A discrete MRF prior simply penalises when neighbouring voxels are of a different class. Crucially, the amount of penalisation depends on an MRF control parameter which controls how strong this spatial regularisation is. Marroquin et al. (2003) refer to this as the parameter which controls the granularity of the field, and they discuss how the use of different values for this parameter can affect the resulting segmented field. However, a problem with Marroquin et al. (2003); Zhang et al. (2001); Salli et al. (1999); Svensén et al. (2000)'s use of discrete classification label MRFs is that the normalising constant (or partition function) of the MRF is not known analytically. This makes it very difficult to infer on the MRF control parameter. Consequently, Marroquin et al. (2003); Zhang et al. (2001); Salli et al. (1999); Svensén et al. (2000), effectively have to heuristically tune the MRF control parameter. This is a strong limitation. If we applied the model to a new dataset then the optimal MRF control parameter would need to be heuristically deduced, and would then be open to subjective judgement. It would be favourable to allow the actual data itself to automatically determine the amount of spatial regularisation.

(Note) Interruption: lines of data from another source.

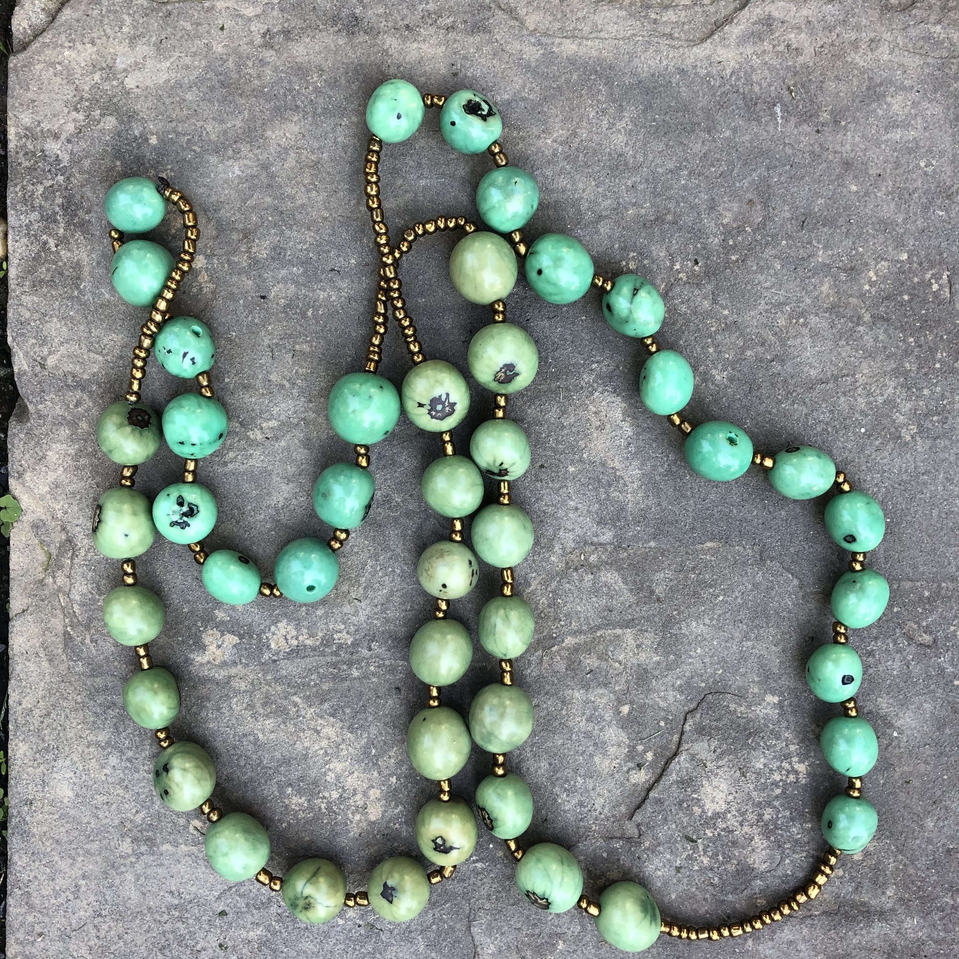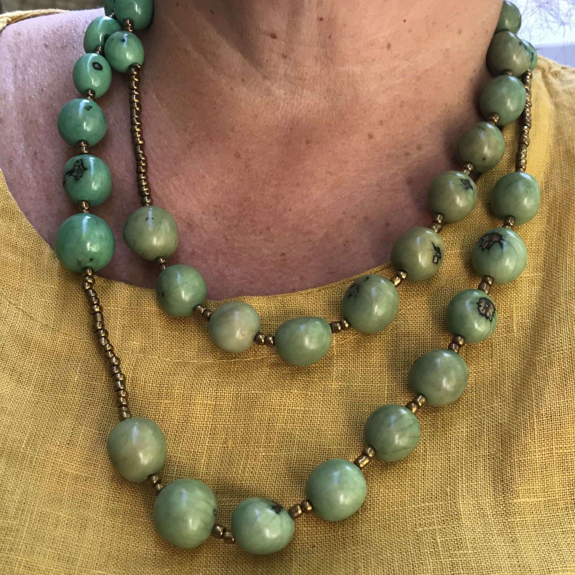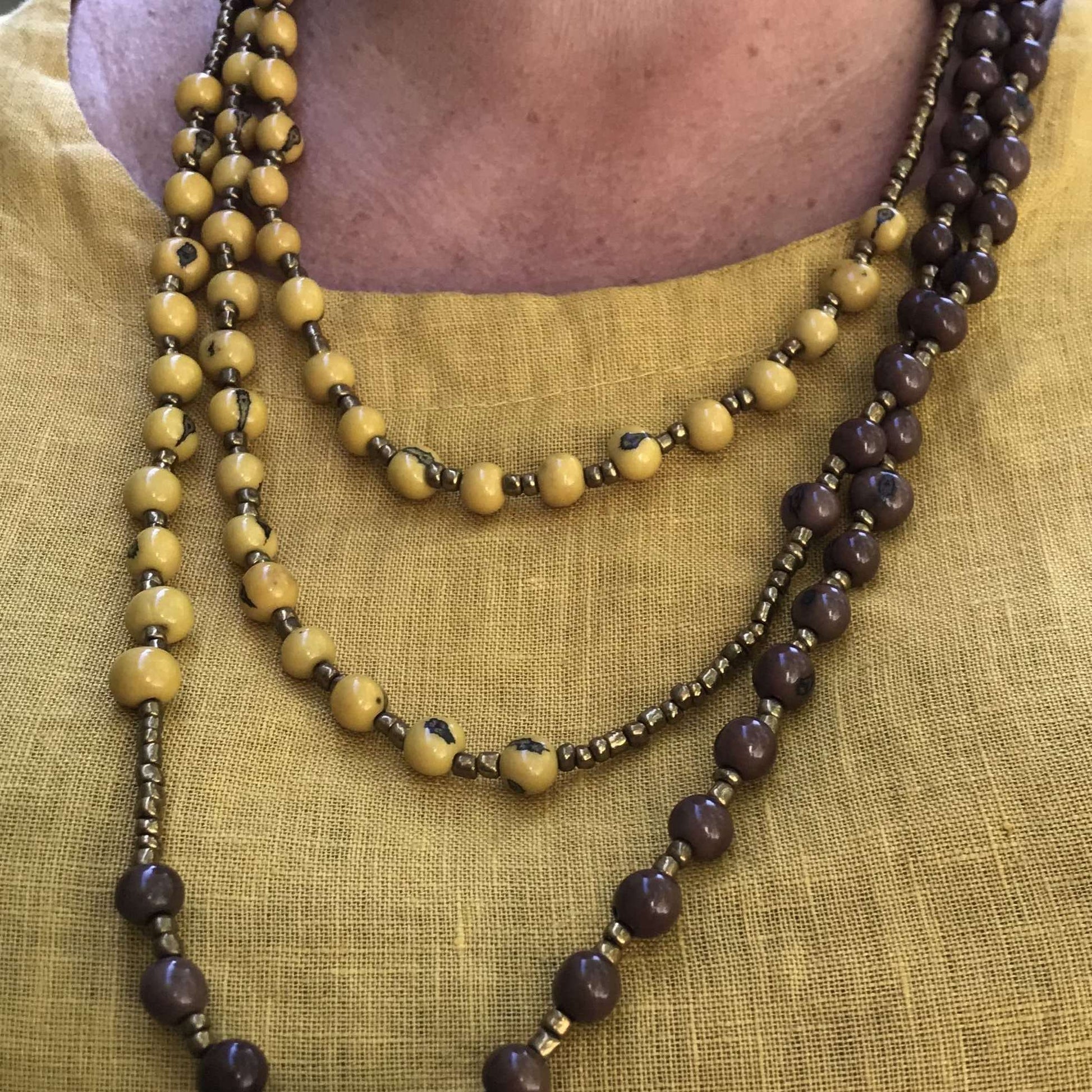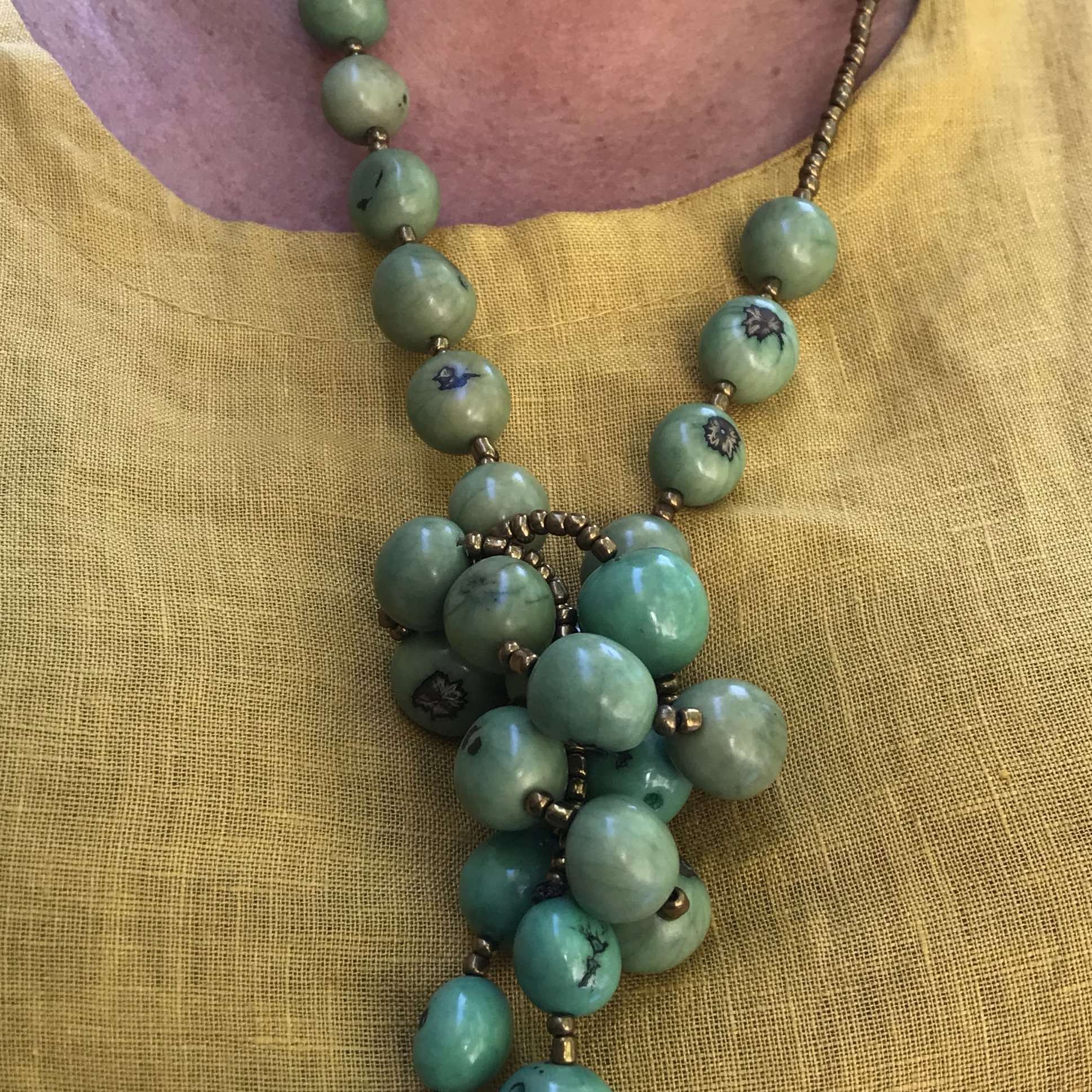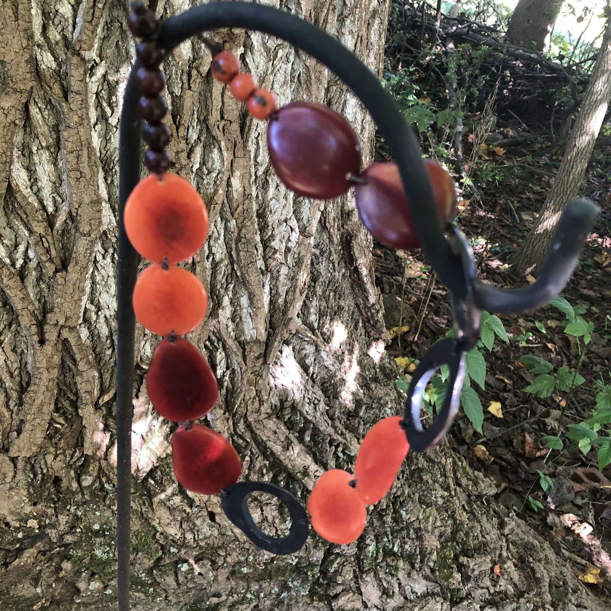 The Ventana Flirty Necklace (18"), Sunset and Lime, makes a striking statement with the colorful tagua beads. 18"
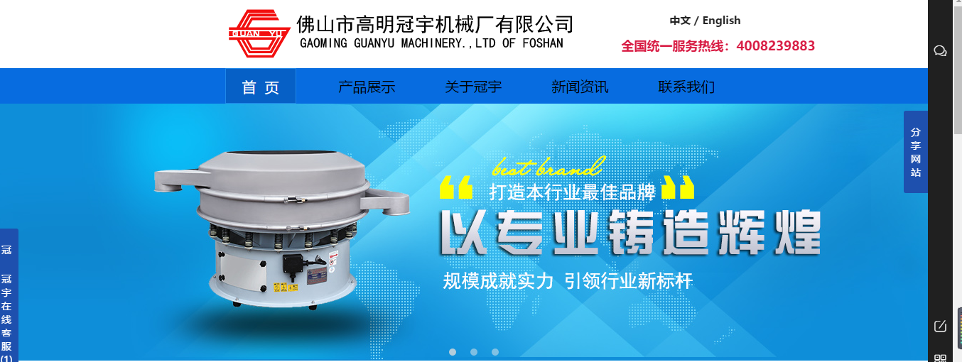 強力永磁除鐵器網站設計作品分享之:佛山市高明冠宇機械廠有限公司
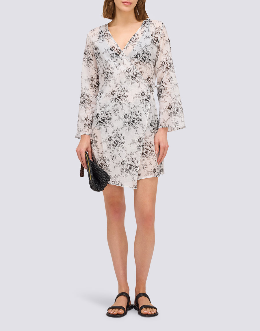 VESTIDO DE MUJER WRAPOVER CON ESTAMPADO ROSE DE JOIE
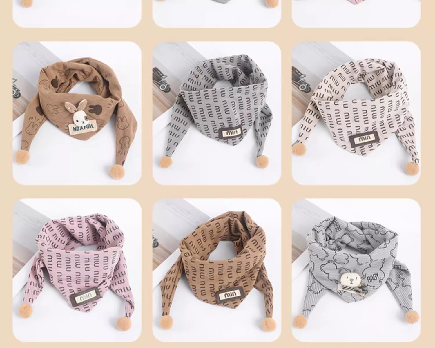• MIU 트라이앵글 스카프 - 베이지, 5개월~6세 권장
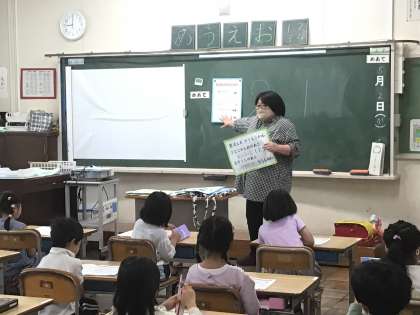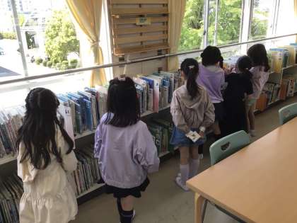 図書館司書の安藤さんが、図書室の利用指導を行っています。子どもたちは、「よみるんかたるん読書ノート」を使って、本の借り方や返し方、扱い方などクイズ形式で楽しく学びました。教室での利用指導の後、実際に図書室へ行って本の借り方を練習しました。1日2冊まで借りることができ、どの本がよいか真剣に選んで読んでいました。利用指導が終わったクラスから、前小タイムを使って本を借りに行っている子どもたちも何人かいます。これからもたくさん本を読んで、たくさんの知識を楽しく身につけていきたいですね。
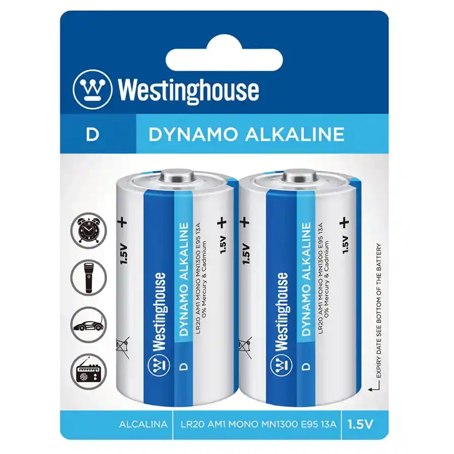 Las baterías alcalinas Westinghouse Dynamo tamaño D están inspiradas en el Westinghouse Dynamo original y ofrecen la máxima capacidad posible de baterías de un solo uso Características: DEAL PARA DISPOSITIVOS DE ALTO CONSUMO: proporciona energía duradera para juguetes, controles remotos, linternas y otros dispositivos que consumen mucha energía. VIDA ÚTIL DE 5 AÑOS: las baterías alcalinas Westinghouse Dynamo tienen una garantía de 5 años de almacenamiento ANTICORROSIÓN Y A PRUEBA DE FUGAS: la construcción multicapa protege sus dispositivos contra la corrosión y las fugas Modelo: LR20 AM1 MONO 13ª Tamaño: D Unidades: 2 Presentación: Blíster SKU: 7447

Hartvig and Jensen (2000) also use a spatial mixture model, on FMRI data. Their solution to the problem of not knowing the partition function for discrete MRF priors is to use a different spatial prior altogether. The joint spatial prior over the map of labels is specified indirectly by specifying the marginal prior for the labels in a voxel neighbourhood. The advantage is that by choosing marginal priors which depend on summary statistics (such as the number of voxels in the voxel neighbourhood of the same class) the posterior probability that a voxel is activated can be calculated analytically. This provides inference which is much quicker than iterative techniques such as ICM, simulated annealing or MCMC.

However, Hartvig and Jensen (2000) themselves make the point that these marginal spatial priors are not as flexible as MRFs. There is also a problem when we come to adaptively determine the global parameters, such as the class distribution parameters and the parameters which control the strength of the spatial regularisation. This is because it is not obvious how to go from the modelling of marginals in voxel neighbourhoods to the joint posterior over the entire spatial map, and it is the latter that is required to do inference on the global parameters. As a result Hartvig and Jensen (2000) propose a contrast function to represent the joint posterior so that the global parameters can be determined. However, whilst a sensible choice of contrast function can be made, it is still somewhat arbitrary. Hence the difference between the resulting global parameter estimates and those that could be obtained if the joint posterior was available is unclear. In addition, this means that there is no formal way to assess or include uncertainty in these global parameters.

In this paper we propose an alternative spatial mixture model to Hartvig and Jensen (2000)'s in determining the amount of spatial regularisation. Unlike Hartvig and Jensen (2000) we use a discrete labels Markov Random Field. This paper describes a novel way to do spatial mixture modelling with a MRF with the amount of spatial regularisation determined unambiguously and adaptively from the data.

This is achieved by approximating the discrete labels with a vector of
continuous weights. The imposed properties of our weights
vector ensures that the new posterior distribution
is the same as the posterior distribution when we
use discrete labels. Crucially, instead of a discrete
MRF prior on the discrete labels, we can now use a
continuous Gaussian MRF (or conditionally specified
auto-regressive process) prior on parameters related to the
continuous weights, for which we *do*
know what the normalising constant is.

Subsequently, are able to automatically determine the continuous Gaussian MRF control parameter, allowing us to adaptively determine the amount of spatial regularisation. Heuristic tuning of control parameters is no longer required. All parameters in the model are adaptively determined from the data.